# L'Oreal Healthy Look and/or wash-out colors



## Meisje (May 19, 2010)

Has anyone here tried the L'Oreal Healthy Look hair dye? I bought it in 8.5 Blonde (formerly White Chocolate, I believe). My hair is a medium to dark blonde with some grown-out highlights.

I would also be interested in hearing your experiences with wash-out colors (non-permanent dye... Like Color Pulse). I'm feeling like experimenting, but I have thin, fine hair that's gotten quite long and I don't want to destroy it.

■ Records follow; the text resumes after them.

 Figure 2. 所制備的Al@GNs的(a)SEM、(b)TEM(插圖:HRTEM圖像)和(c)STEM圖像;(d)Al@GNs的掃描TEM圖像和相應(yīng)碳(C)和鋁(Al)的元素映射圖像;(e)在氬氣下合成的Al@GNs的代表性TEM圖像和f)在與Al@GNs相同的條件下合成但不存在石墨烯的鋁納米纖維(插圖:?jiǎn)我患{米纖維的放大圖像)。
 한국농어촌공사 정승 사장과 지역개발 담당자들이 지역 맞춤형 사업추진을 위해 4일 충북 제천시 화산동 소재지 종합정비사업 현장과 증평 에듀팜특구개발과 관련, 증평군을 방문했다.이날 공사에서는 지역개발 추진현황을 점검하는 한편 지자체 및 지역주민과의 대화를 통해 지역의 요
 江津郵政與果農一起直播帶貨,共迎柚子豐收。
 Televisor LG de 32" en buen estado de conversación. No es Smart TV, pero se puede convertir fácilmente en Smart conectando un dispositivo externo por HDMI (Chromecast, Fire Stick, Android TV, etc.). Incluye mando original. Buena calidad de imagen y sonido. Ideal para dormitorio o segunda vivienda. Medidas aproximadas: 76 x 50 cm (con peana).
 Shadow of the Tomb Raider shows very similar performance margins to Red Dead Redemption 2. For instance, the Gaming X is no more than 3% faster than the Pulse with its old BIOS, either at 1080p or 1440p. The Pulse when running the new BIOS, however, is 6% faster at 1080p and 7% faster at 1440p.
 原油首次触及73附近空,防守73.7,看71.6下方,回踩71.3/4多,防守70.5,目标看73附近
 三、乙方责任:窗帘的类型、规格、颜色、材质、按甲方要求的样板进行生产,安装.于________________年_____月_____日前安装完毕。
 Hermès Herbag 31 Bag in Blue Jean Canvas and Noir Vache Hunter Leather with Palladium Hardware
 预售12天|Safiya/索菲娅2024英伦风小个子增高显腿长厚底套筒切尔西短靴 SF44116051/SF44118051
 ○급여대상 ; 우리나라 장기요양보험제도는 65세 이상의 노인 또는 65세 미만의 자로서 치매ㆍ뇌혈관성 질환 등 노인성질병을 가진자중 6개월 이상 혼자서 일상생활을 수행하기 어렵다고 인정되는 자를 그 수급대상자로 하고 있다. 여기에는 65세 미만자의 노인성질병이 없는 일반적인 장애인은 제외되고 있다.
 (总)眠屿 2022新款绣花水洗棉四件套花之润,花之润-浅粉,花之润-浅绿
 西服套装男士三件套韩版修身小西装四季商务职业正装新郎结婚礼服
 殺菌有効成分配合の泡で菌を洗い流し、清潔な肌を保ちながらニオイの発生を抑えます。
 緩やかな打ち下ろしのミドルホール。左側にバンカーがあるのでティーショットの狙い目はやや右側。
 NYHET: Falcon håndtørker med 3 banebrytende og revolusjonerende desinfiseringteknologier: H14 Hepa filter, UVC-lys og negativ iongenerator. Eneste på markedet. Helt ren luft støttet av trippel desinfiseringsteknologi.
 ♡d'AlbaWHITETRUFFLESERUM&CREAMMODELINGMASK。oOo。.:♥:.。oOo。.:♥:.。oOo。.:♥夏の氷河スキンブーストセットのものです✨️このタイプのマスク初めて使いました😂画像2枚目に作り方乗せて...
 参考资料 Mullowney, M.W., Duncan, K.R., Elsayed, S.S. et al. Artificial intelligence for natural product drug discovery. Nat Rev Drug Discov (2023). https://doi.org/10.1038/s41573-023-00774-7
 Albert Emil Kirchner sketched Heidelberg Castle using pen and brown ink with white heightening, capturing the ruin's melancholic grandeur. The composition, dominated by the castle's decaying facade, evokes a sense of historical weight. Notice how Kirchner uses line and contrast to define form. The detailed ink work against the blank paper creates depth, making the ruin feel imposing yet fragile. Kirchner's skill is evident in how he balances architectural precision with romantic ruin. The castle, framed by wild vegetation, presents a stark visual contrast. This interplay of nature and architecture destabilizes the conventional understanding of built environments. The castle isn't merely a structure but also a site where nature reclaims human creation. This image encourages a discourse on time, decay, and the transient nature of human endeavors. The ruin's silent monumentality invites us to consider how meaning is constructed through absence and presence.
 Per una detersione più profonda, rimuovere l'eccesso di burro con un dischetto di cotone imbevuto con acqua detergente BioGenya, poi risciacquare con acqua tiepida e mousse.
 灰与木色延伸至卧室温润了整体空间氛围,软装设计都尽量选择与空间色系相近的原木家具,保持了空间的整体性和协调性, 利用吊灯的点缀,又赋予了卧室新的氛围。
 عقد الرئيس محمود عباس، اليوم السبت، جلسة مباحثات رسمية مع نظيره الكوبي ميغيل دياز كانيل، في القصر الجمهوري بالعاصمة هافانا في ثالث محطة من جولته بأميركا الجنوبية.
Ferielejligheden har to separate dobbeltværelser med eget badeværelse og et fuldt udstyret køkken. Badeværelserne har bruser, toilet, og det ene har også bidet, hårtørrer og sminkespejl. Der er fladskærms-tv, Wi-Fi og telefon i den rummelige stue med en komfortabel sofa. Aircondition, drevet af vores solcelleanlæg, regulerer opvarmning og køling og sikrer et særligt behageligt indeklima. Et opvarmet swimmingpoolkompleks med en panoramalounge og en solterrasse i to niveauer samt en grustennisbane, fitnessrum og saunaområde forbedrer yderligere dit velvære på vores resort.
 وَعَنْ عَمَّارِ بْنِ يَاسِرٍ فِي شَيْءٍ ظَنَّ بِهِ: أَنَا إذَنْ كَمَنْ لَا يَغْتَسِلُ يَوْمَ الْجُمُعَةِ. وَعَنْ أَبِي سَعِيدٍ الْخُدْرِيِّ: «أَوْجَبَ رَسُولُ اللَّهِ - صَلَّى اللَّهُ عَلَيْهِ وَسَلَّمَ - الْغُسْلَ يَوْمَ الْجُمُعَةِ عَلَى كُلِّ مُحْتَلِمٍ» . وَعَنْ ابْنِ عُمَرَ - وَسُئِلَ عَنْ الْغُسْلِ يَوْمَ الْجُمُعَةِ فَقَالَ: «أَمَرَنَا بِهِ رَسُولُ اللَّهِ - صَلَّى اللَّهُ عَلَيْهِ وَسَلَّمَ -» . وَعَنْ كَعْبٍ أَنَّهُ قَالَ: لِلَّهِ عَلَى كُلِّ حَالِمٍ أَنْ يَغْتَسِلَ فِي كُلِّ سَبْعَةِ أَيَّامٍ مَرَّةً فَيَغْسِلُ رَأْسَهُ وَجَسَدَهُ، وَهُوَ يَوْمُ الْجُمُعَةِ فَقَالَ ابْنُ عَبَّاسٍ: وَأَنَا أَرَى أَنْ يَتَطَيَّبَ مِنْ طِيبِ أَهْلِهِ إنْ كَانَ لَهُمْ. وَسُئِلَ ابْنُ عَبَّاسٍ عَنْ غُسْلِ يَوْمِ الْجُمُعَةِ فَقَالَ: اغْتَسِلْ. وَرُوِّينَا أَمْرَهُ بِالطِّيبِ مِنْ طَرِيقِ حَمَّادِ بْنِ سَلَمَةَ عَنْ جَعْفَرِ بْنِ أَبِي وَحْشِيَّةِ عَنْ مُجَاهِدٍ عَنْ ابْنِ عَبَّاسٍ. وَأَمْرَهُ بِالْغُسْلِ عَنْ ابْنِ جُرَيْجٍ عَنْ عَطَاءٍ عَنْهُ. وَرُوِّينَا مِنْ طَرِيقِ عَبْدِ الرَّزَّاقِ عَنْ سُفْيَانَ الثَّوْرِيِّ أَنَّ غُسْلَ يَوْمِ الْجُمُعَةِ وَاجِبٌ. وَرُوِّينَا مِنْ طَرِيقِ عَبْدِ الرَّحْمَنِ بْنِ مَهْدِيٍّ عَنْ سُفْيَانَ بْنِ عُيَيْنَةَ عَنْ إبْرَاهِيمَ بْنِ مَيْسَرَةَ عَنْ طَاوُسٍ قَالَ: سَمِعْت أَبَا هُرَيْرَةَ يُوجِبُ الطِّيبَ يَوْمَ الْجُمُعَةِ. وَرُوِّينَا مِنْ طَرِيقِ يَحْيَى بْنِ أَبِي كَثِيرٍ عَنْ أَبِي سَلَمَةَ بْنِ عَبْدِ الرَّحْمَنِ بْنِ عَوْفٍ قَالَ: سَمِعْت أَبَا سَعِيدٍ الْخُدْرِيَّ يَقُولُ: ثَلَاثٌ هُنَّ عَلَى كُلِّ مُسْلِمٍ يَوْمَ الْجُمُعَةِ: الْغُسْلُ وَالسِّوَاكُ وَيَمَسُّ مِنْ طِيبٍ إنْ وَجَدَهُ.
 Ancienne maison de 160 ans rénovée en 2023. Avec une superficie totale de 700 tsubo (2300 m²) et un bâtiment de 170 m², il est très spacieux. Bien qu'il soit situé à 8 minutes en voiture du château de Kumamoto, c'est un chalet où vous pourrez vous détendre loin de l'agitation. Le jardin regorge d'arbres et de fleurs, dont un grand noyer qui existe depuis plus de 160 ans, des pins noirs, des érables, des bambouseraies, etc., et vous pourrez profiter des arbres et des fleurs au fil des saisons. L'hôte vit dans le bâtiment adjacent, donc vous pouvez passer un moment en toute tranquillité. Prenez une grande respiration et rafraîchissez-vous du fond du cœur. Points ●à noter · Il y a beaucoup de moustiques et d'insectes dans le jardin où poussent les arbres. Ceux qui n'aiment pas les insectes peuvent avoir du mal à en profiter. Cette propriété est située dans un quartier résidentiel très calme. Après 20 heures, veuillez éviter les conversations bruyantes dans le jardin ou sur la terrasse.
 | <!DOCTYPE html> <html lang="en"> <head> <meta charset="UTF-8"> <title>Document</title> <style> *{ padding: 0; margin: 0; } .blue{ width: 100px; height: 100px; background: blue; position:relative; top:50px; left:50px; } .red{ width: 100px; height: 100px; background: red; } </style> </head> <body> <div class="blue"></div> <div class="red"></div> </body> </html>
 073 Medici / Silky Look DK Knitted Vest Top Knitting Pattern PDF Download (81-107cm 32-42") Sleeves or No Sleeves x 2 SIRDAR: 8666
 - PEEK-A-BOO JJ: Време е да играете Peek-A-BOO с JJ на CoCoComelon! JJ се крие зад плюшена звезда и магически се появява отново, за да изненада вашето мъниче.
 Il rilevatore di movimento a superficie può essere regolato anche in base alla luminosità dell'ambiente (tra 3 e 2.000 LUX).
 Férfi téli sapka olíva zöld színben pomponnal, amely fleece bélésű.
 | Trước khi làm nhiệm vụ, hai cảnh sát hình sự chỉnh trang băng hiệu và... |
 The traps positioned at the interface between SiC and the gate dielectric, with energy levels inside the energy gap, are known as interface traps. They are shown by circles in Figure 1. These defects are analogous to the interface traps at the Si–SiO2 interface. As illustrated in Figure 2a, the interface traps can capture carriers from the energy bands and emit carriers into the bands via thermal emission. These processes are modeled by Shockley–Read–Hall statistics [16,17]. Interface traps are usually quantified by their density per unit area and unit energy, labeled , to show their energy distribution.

I'll post back when I use it.


----------



## xsnowwhite (May 20, 2010)

ive used clairol natural instincts several times and was actually impressed. I used the dark brown shades and black once which was the only one i didnt like


----------



## Meisje (May 21, 2010)

So I just used it --- it's very subtle, and not super-noticeable. But I have had several sets of highlights and lowlights, and my hair was really patchy and uneven before I used this, and I have to say the Healthy Look blended it down so that it looks a lot more polished.

I'm not sure how it works, since it's a wash-out color with no ammonia and therefore unable to lift my color. But it definitely got rid of the patchiness.

It also improved the condition of my hair --- it seems a lot stronger now.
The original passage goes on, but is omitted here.